__Task brief__. Take the lines below from the one with "Soft pink jogger" through the one with "Grand miroir trumeau" and retype them exactly. Include nothing else, and no pictures.

Segment Open

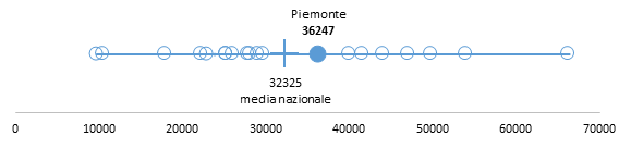 Con una sede ogni 36.247 residenti il Piemonte ha una diffusione dei CF inferiore rispetto alla media nazionale (Figura 2). Il numero dei residenti per sede raggiunge quasi il doppio del gold standard di un consultorio ogni 20.000 residenti. Sono 13 le realtà (12 Regioni e 1 PA) che hanno un numero di residenti per sede inferiore a quello del Piemonte e quindi una maggiore diffusione sul territorio.
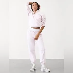 Soft pink jogger pants designed for everyday comfort. Elastic waistband and cuffed ankles provide a secure fit. Lightweight fabric offers breathable wear for daily activities. Versatile pink color pairs easily with casual tops.
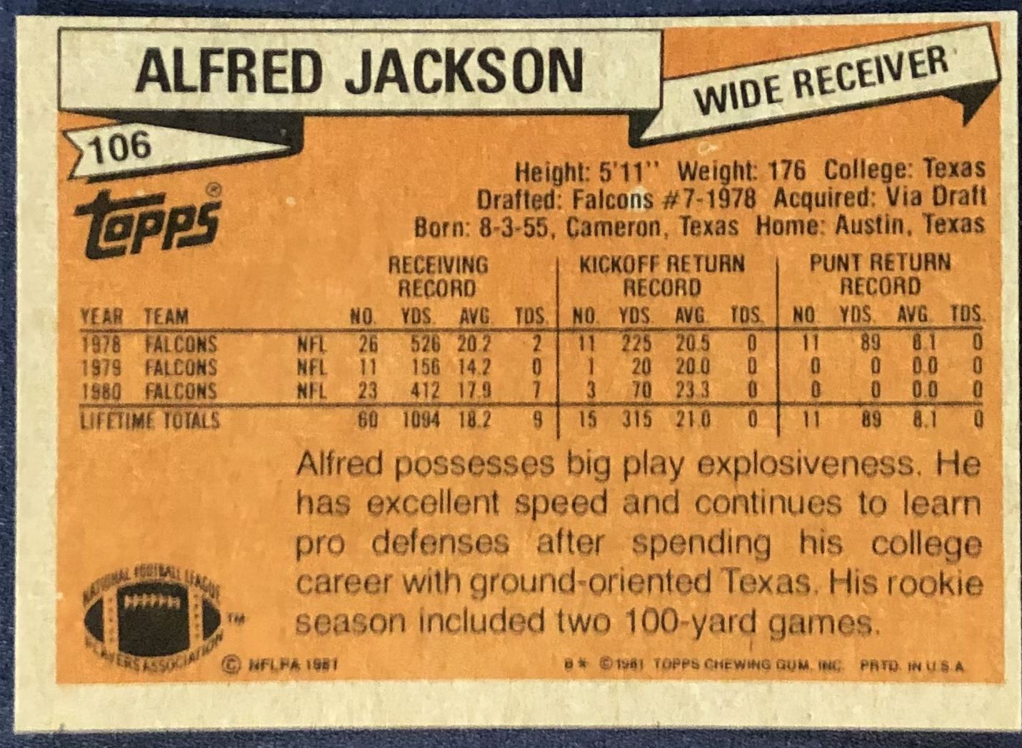Card #106 NFL, football, vintage
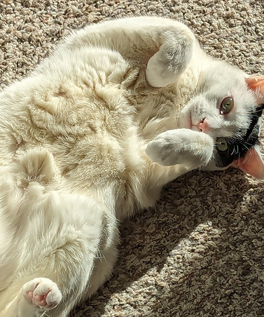 I’m a cat dad. My boys are Pepper and Twix, and they’ve lived with me about twelve years. They were about 4-6 months old when I adopted them. I’m also Chia’s cat dad, and she visits me and the boys throughout the year, sometimes for weeks. They all remember each other, and their cuddles are the best!
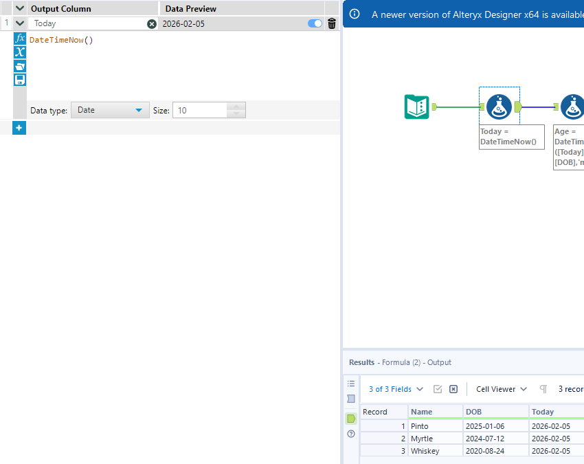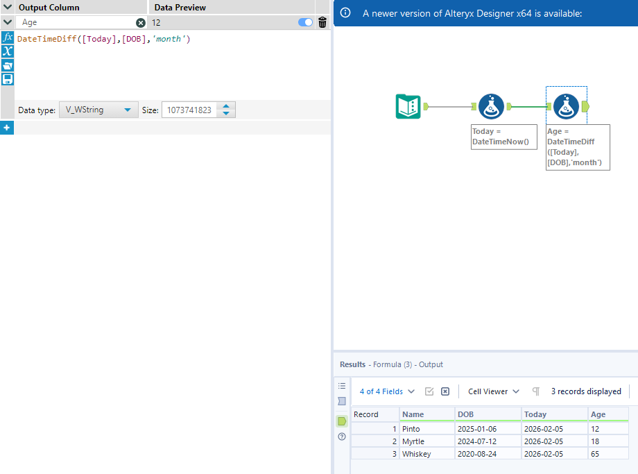 Step 3: For this particular example, I've then added a 'today' column and created a formula to establish their age (for some reason my initial response was to use months but we will be changing this later!) using a datediff function.
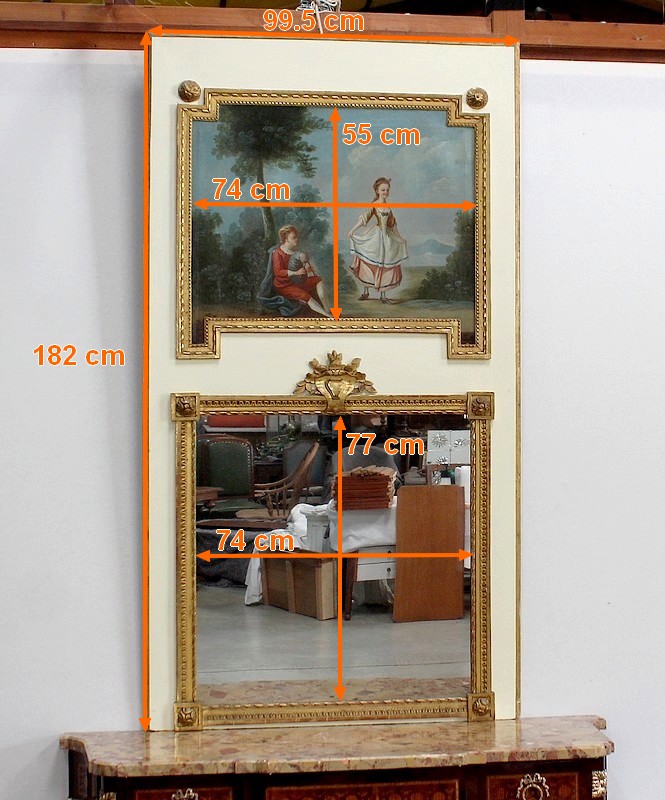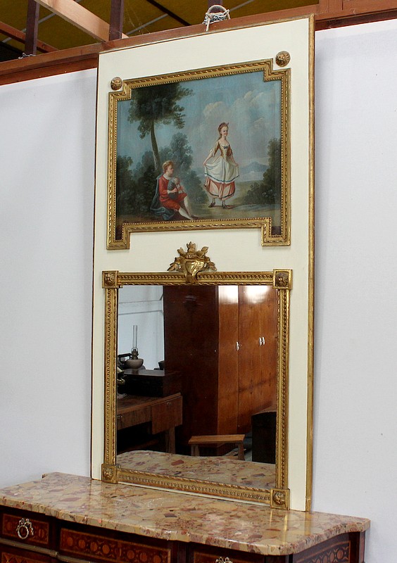 Grand miroir trumeau sur fond bois de couleur crème composé d’une glace au mercure sommée d’une peinture sur toile, dans le style Louis XVI.
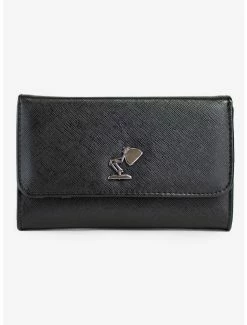 This Disney Pixar fold over wallet featuring a metal casted Luxo Jr lamp emblem is made from vegan leather. It measures 6.5 x 4.5 x 1.0 Inches and features 2 Large Pockets, 3 card slots, and 1 coin zipper.
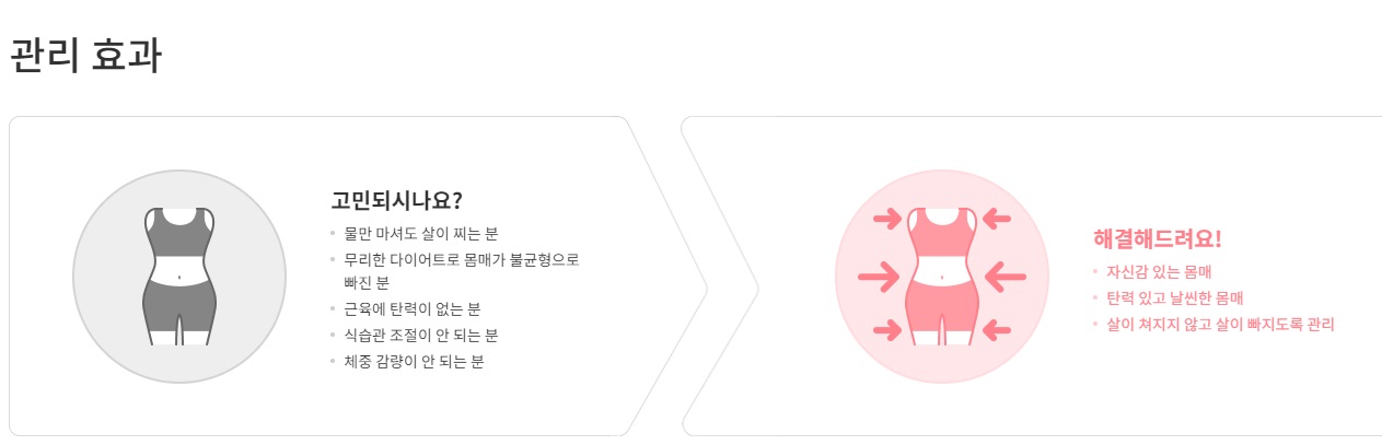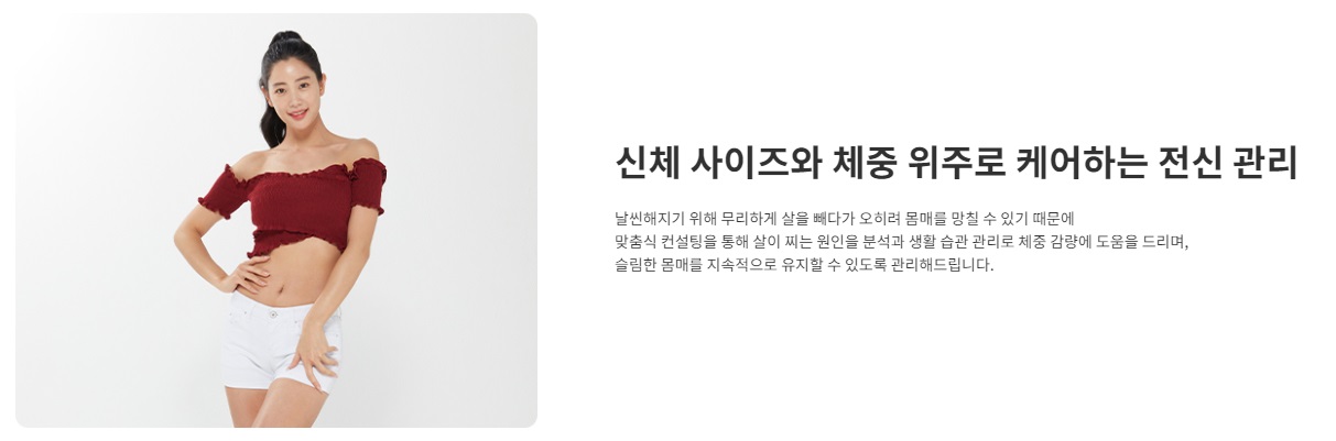 다양하고 세부적인 프로그램으로 전신을 관리하는 프로그램을 운영, 무리한 다이어트로 몸매 불균형이 심하신 분, 근육에 탄력이 없고 식습관이 조절이 안되시는 분들이 많이 찾고 있습니다.
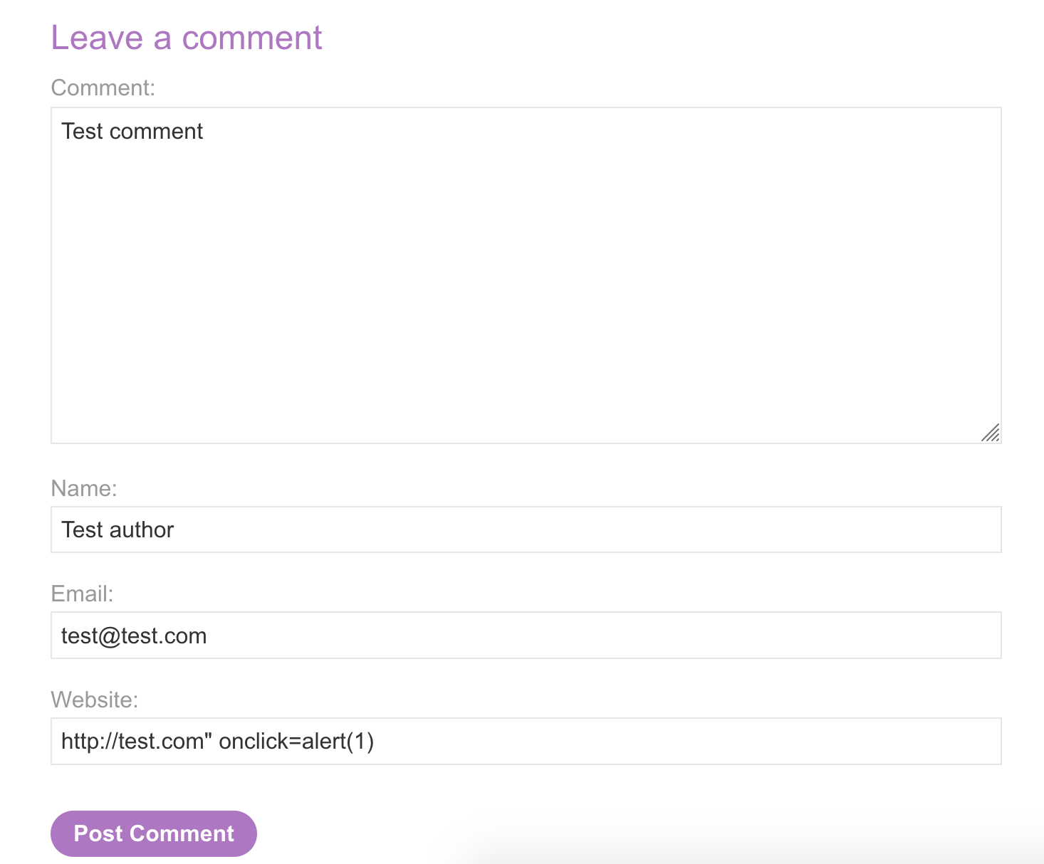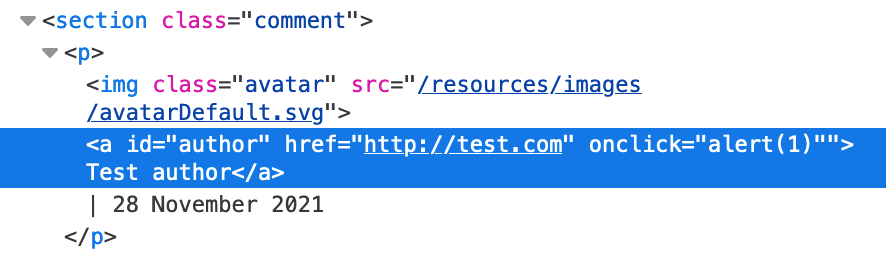 Our goal is to create a stored XSS attack that calls alert when the commenter name is clicked.
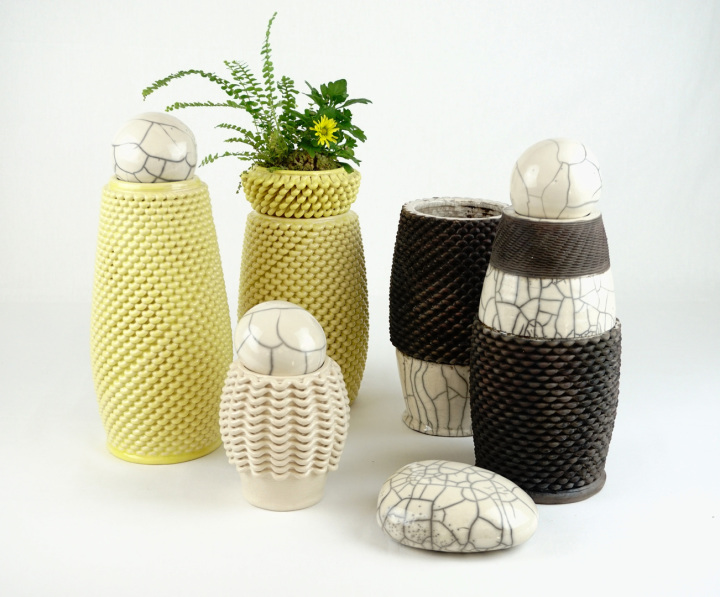 A la croisée de l’art et de la science, cette collection de piéces uniques permet d’explorer la richesse et la diversité des textures de la céramique à partir de modèles mathématiques. Différentes finitions, RAKU, terre naturelle, émaux, ont été choisies pour mettre en valeur ces objets dont la hauteur se situe entre 25-45cm.
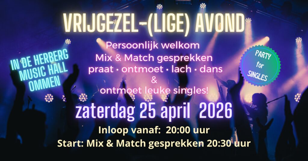 https://vrijgezel-lige-avond.tickable.nl/vrijgezellige-avond–avond-voor-singles • Aan de deur: € 20,00 (contant)
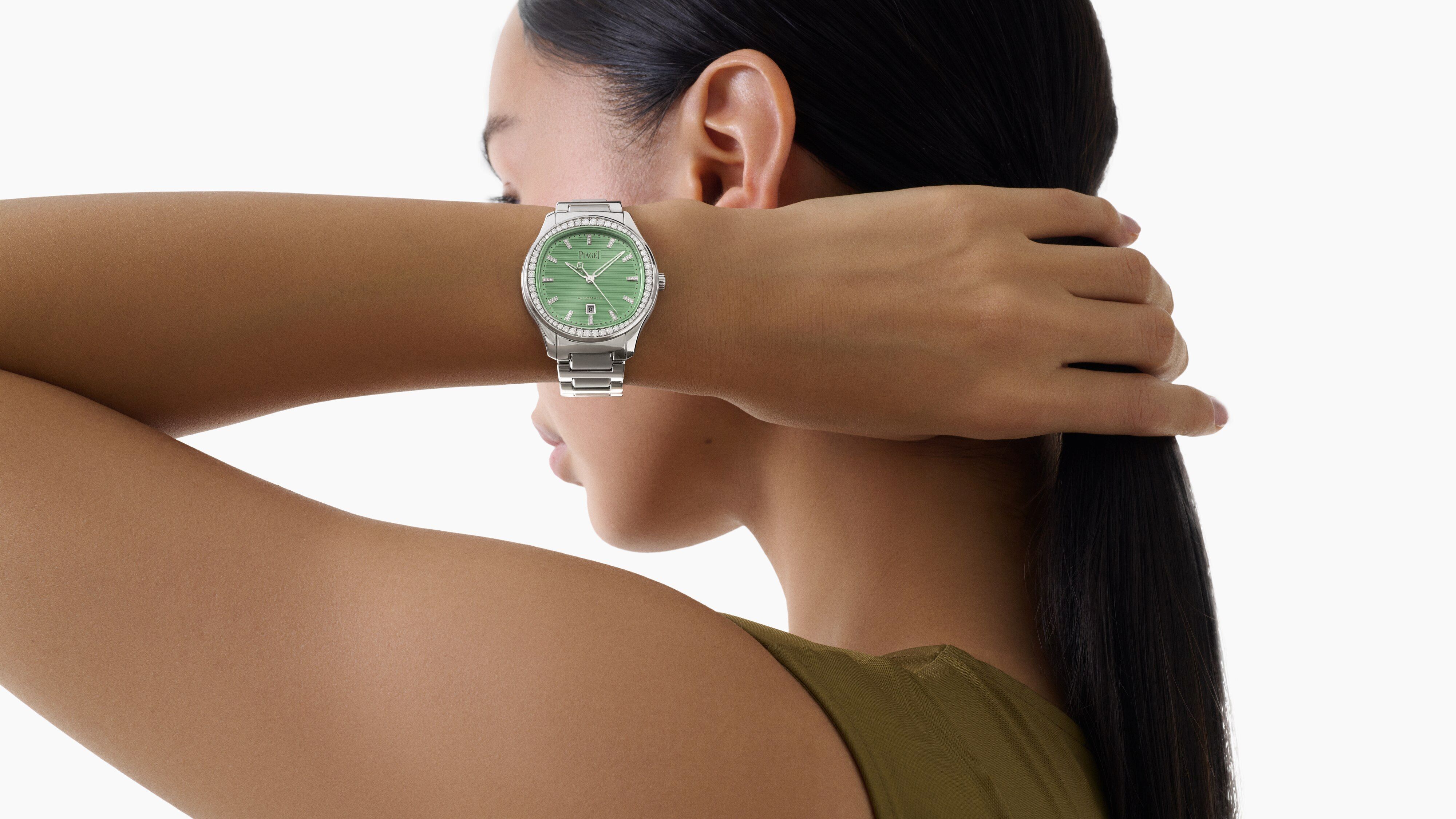 パステルグリーンの文字盤にラウンドブリリアントカットダイヤモンド36個(約0.08ct)をセットしたステンレススチール製インデックス

Segment Closed

__Answer area__.
 Soft pink jogger pants designed for everyday comfort. Elastic waistband and cuffed ankles provide a secure fit. Lightweight fabric offers breathable wear for daily activities. Versatile pink color pairs easily with casual tops.
Card #106 NFL, football, vintage
 I’m a cat dad. My boys are Pepper and Twix, and they’ve lived with me about twelve years. They were about 4-6 months old when I adopted them. I’m also Chia’s cat dad, and she visits me and the boys throughout the year, sometimes for weeks. They all remember each other, and their cuddles are the best!
 Step 3: For this particular example, I've then added a 'today' column and created a formula to establish their age (for some reason my initial response was to use months but we will be changing this later!) using a datediff function.
 Grand miroir trumeau sur fond bois de couleur crème composé d’une glace au mercure sommée d’une peinture sur toile, dans le style Louis XVI.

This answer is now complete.